Leggi questo articolo per capire cosa sono e come impostarli:

http://rudd-o.com/linux-and-free-software/tales-from-responsivenessland-why-linux-feels-slow-and-how-to-fix-that

 *Quote:*   

> Inoltre: ricordo tempo addietro di aver trovato in internet che si può invece di usare l'area di swap.... usare un file di formato diverso come tale. Beh se le performances I/O di swap potessero essere accelerate... ben vengano. 

 

Sarebbe piuttosto assurdo se swappare su un file dentro un filesystem risultasse più veloce che su una partizione fatta apposta... Che io sappia il file di swap è stato introdotto per gli ambienti in cui non è possibile avere una partizione dedicata (tipo un sistema diskless).

----------

## ciro64

Ciao e Grazie;

vm.swappiness l'ho già impostato a 15

Riguardo il II parametro che mi hai detto, quale può essere la corretta sintassi ?

Grazie

----------

## pierino_89

Dipende.

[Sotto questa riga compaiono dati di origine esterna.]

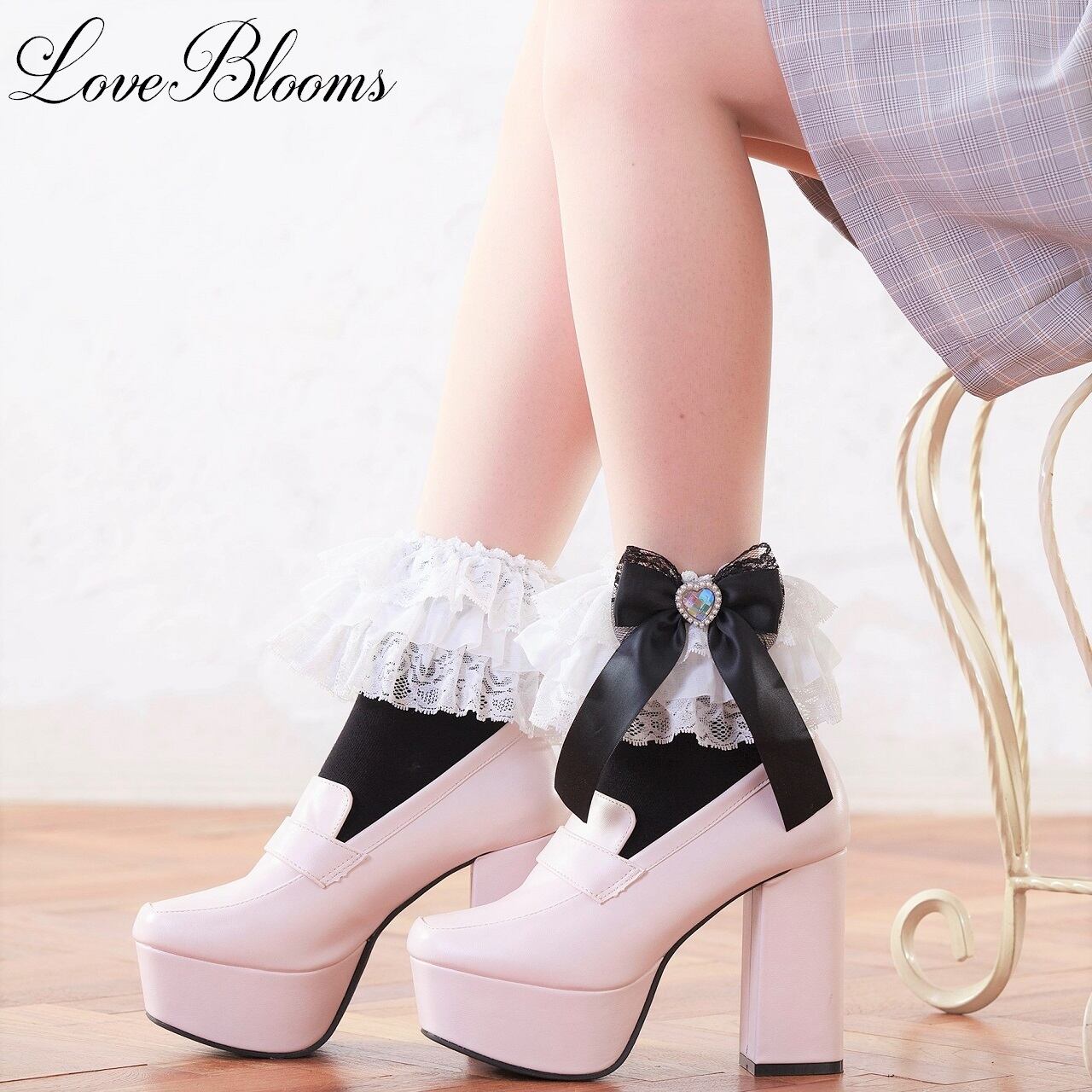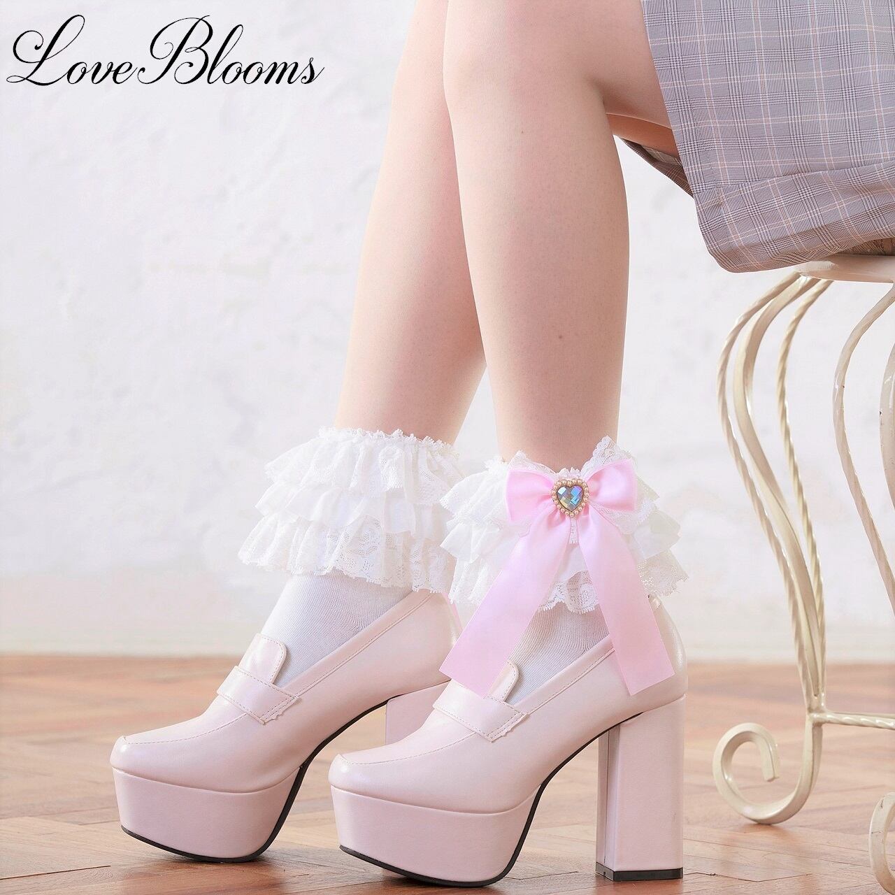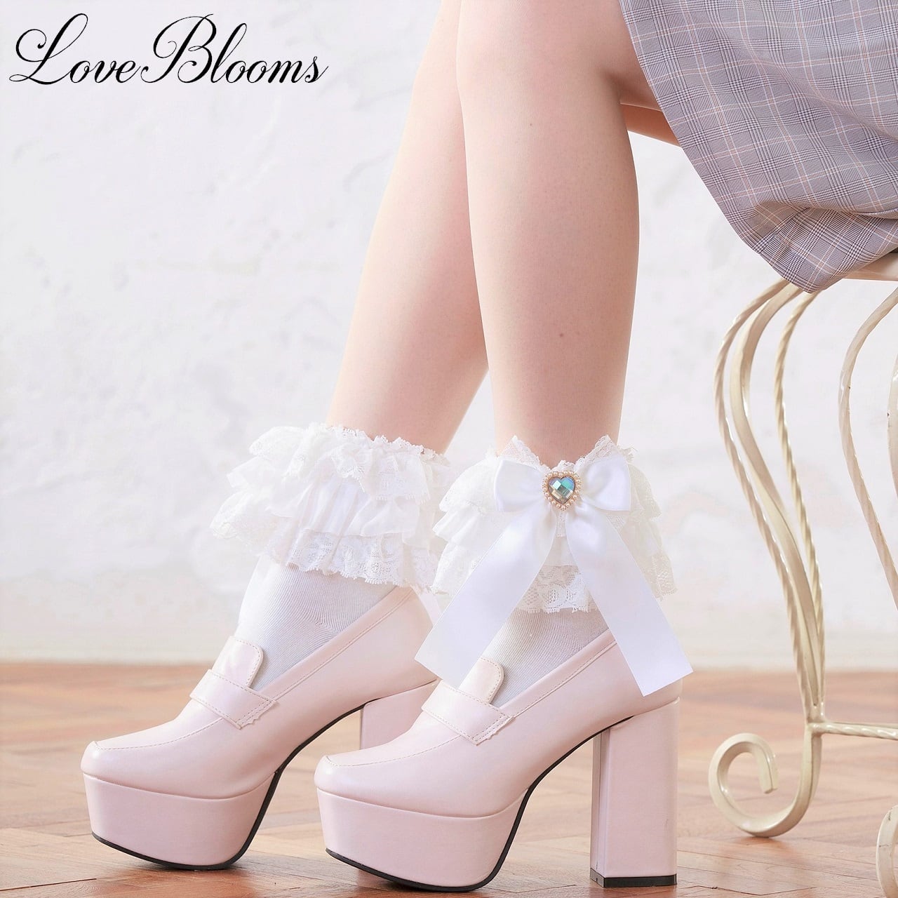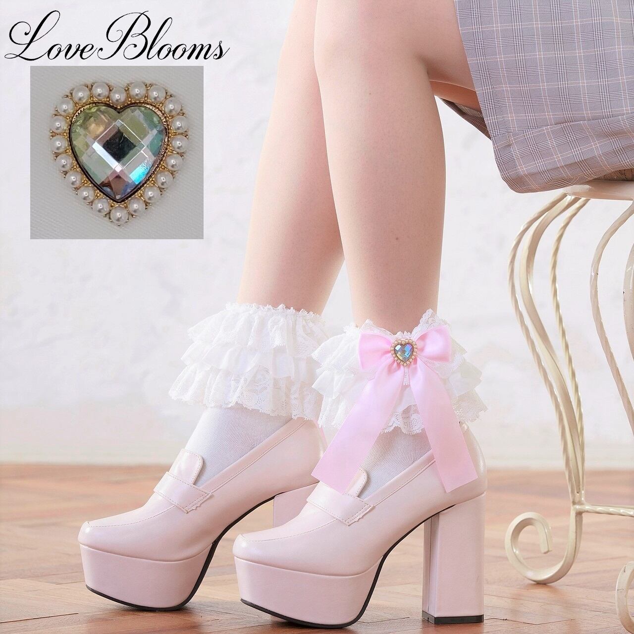 3段のフリルレースが足首を可愛く包み込み、ハート型のビジューモチーフと可愛らしいリボンがアクセントになり、足元を一層華やかに演出します。

Dato che tu swappi parecchio e quindi ti rimane poca ram libera ti conviene dargli un valore alto in modo che lasci poca roba in cache.

Guarda qui: https://www.kernel.org/doc/Documentation/sysctl/vm.txt

----------

## ciro64

Ok, grazie 1000; ho collezionato sufficienti informazioni.

Ciao  :Smile: 

----------